The Life and Adventures of Santa Claus (1985)
Look, I talk about this every year. It should come as no surprise that I am once again screaming from the woods with my Axe of Immortality that this is the most metal Christmas special of all time. While many Letterbox reviews of this Rankin & Bass classic (their final film! They go from Rudolph to THIS!) say things like “what the fuck is this”, I insist on including it here for that very reason. Is anything about this film traditionally Christmas-y? No. And yet Santa Claus is the main character.

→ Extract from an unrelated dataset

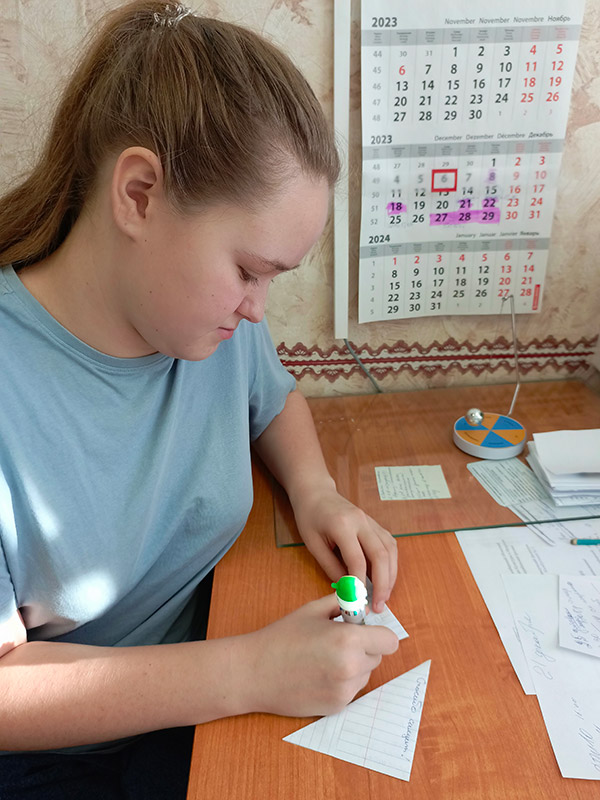 "Я впервые в жизни писала рукописное письмо. Оно сильно отличается от электронного. Здесь я вкладывала душу. Я пожелала бойцам удачи, написала, чтобы они скорее возвращались домой с победой, мы их очень ждем. Мне кажется, что нашим солдатам сейчас нужны такие тёплые слова", - поясняет студентка НХТ-19 гр. Чаплыгина Анастасия.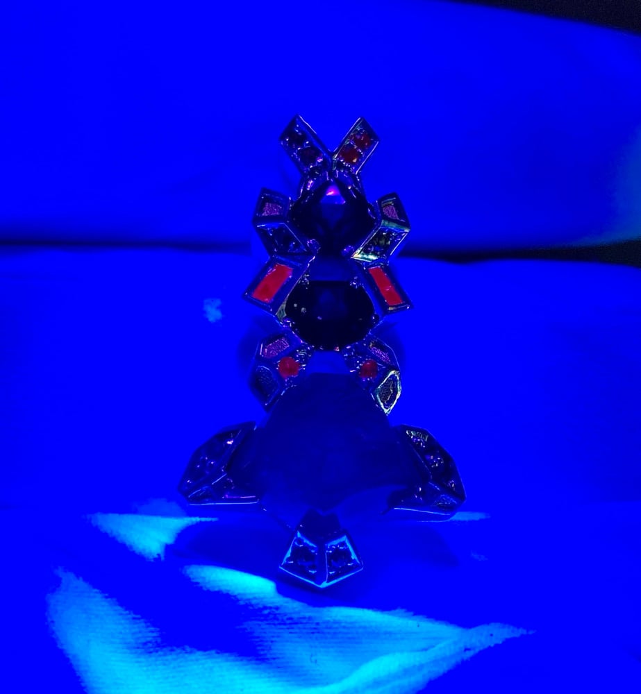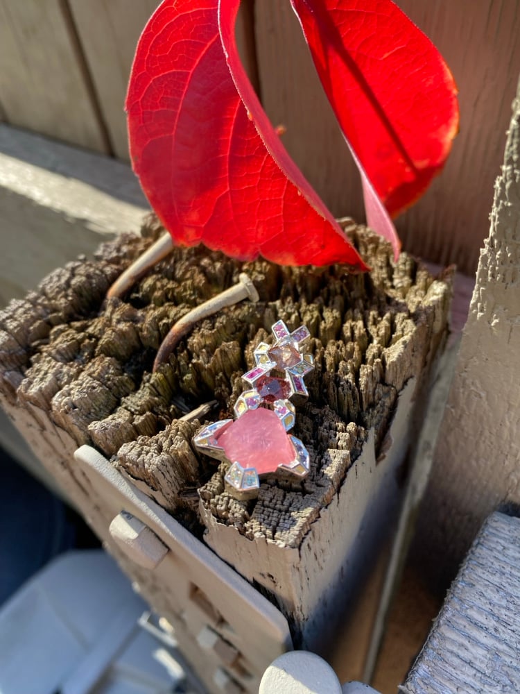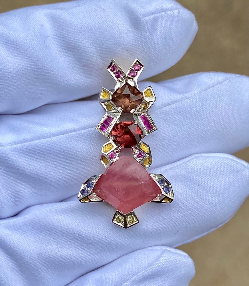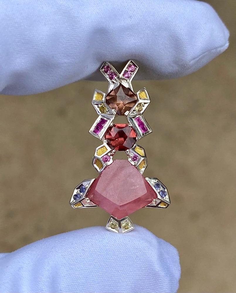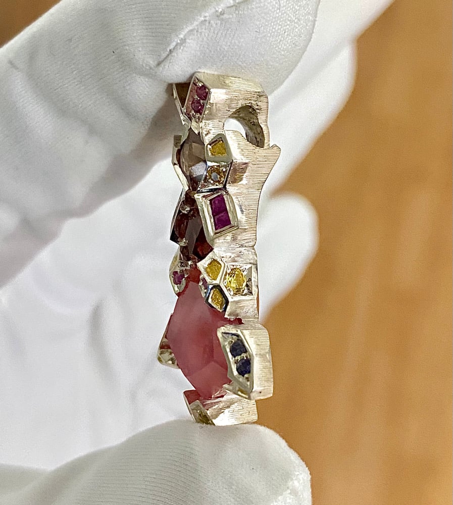 “Split Torn” features a Malaya garnet, a grossular garnet, and a Colorado rhodochrosite. The accents are rubies, sapphires and iolite in a handcarved sterling silver frame with 24k gold inlay. The frame was created using the lost wax method of casting.

Who are the other characters? Oh, I’m SO glad you asked. Classic Christmas fellas like Master Woodsman of the World The Great Ak (his full title), Princess Necile, The Lioness Shiagra who raises baby Claus in the woods, Tingler the language elf, King Agua who is sort of a cave creature who steals toys, and the entire Council of Immortals (incredible get!!!). The plot is simple: Santa Claus is going to die, so the Council of Immortals gathers to recount his life and determine whether he is worthy of the Mantle of Immortality. His life includes an epic battle with a dragon. I’ll say less.
Next time you hear “Die Hard is a Christmas movie”, you can performatively roll your eyes and rattle off this list. You can add many more than this! I was going to include Eyes Wide Shut and Kiss Kiss Bang Bang, but I have to rest or I will get eaten by Krampus.